Telecom Fraud Detection Through CDR Using SingleStore Vector Functions

AI offers a dynamic and sophisticated means to detect and prevent telecom anomalies, which often involves identifying unusual patterns in data. Vectorization makes the database detecting these anomalies more efficient, executing the complex queries needed for pattern recognition in some fraud cases. SingleStore can play a vital role in setting pattern recognition using its vector capabilities.

What is SingleStore?

SingleStore is a real-time, distributed SQL database built for AI. With familiar SQL tooling and MySQL wire protocol compatibility, SingleStore eliminates the need for specialized databases and simplifies data architectures.

SingleStore is also built to handle multiple data types — including JSON, time-series, geospatial, full-text search and vectors — delivering high-speed data ingestion on a unified transactional and analytical foundation.

Vector capabilities of SingleStore

SingleStore supports vector database processing, allowing you to store and search vector data. A typical vector search locates the set of vectors that most closely match a query vector. Vectors usually come from objects: text, images, video, audio, etc., and vector database searches find data based on content or meaning — even without exact matches. For example, vector search allows for semantic search of text, where a query about "meals" could return information about "lunch" and "dinner" without using those words because they are similar in meaning.

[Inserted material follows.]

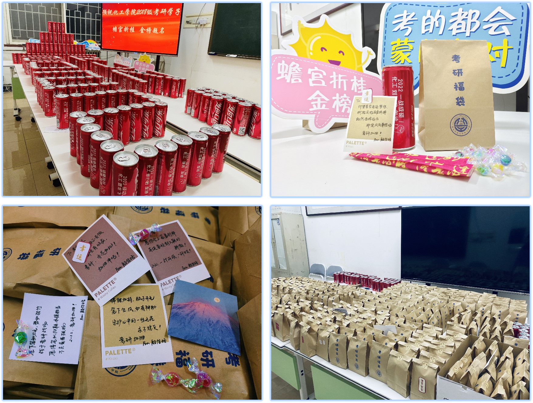 走访期间,所有老师为考研学子送上专属“惊喜福袋”,寓意“福气满满”、“袋你上岸””。专属福袋中有为同学们精心准备的手写祝福卡片、专属寄语可乐、多彩锦鲤糖果及暖心护航口罩,带给同学们一份真挚祝福、一路温暖陪伴。

Some benefits of using SingleStore for vector database processing — as opposed to a specialized vector database system — are:

A broad array of standard modern database capabilities are available in SingleStore. These include SQL, fast distributed and parallel query processing, full-text search, extensibility, ACID transactions, high availability, disaster recovery, point-in-time recovery, broad connectivity support and more.
Less data movement is needed between different data subsystems (e.g., caches, text search systems and SQL databases) when all t data, including vector data, is stored in SingleStore.
Operational costs may be reduced since fewer data management tools and copies of data are needed.
Less specialized skills and reduced labor are needed to run an application environment.

Anomalies in telecom CDR

Anomalies in telecom CDR (Call Detail Record) refer to irregular or unusual patterns in the data that records details of phone calls, SMS messages or data usage in a telecommunications network. A report from the Communication Fraud Control Association (CFCA) reveals that telecommunications fraud increased 12% in 2023, equating to an estimated $38.95 billion lost to fraud.

**Source:** *Communication Fraud Control Association, Nov. 2023*

Anomalies in CDR records are a good source to detect frauds in telecommunication.
We will address the following frauds through vector capabilities of SingleStore in telecom CDR records:

A. International revenue share fraud

B. Wangiri fraud

C. Subscription fraud

D. PBX hacking

Lets understand these frauds through sample CDR records

Explanation:

International revenue share fraud (IRSF):

Example: Call ID 1
Signs: The call is unusually long (1 hour) to an international number and incurs a high cost. IRSF typically involves making long calls to premium-rate international numbers owned by the fraudster.
Detection: Look for long-duration calls to known high-cost international destinations.

Wangiri fraud:

Example: Call ID 2
Signs: The call has a very short duration (10 seconds) to an international number, which is a common sign of Wangiri fraud where the fraudster expects a callback.
Detection: Track short missed or very short duration calls to international numbers, followed by callbacks.

Subscription fraud:

Example: Call ID 3
Signs: This is harder to detect directly from a CDR. However, if this number is new, recently activated and immediately starts making expensive international calls, it could be a sign
Detection: Monitor new accounts for unusual calling patterns, especially to high-cost destinations.

PBX hacking:

Example: Call ID 5
Signs: The caller number is an extension (e.g., 1234), indicating a call made from a PBX system, and it's a long-duration international call. Hackers often break into PBX systems to make long or numerous international calls.
Detection: Look for unusual call patterns from PBX extensions, like calls at odd hours, to international destinations or of unusually long duration.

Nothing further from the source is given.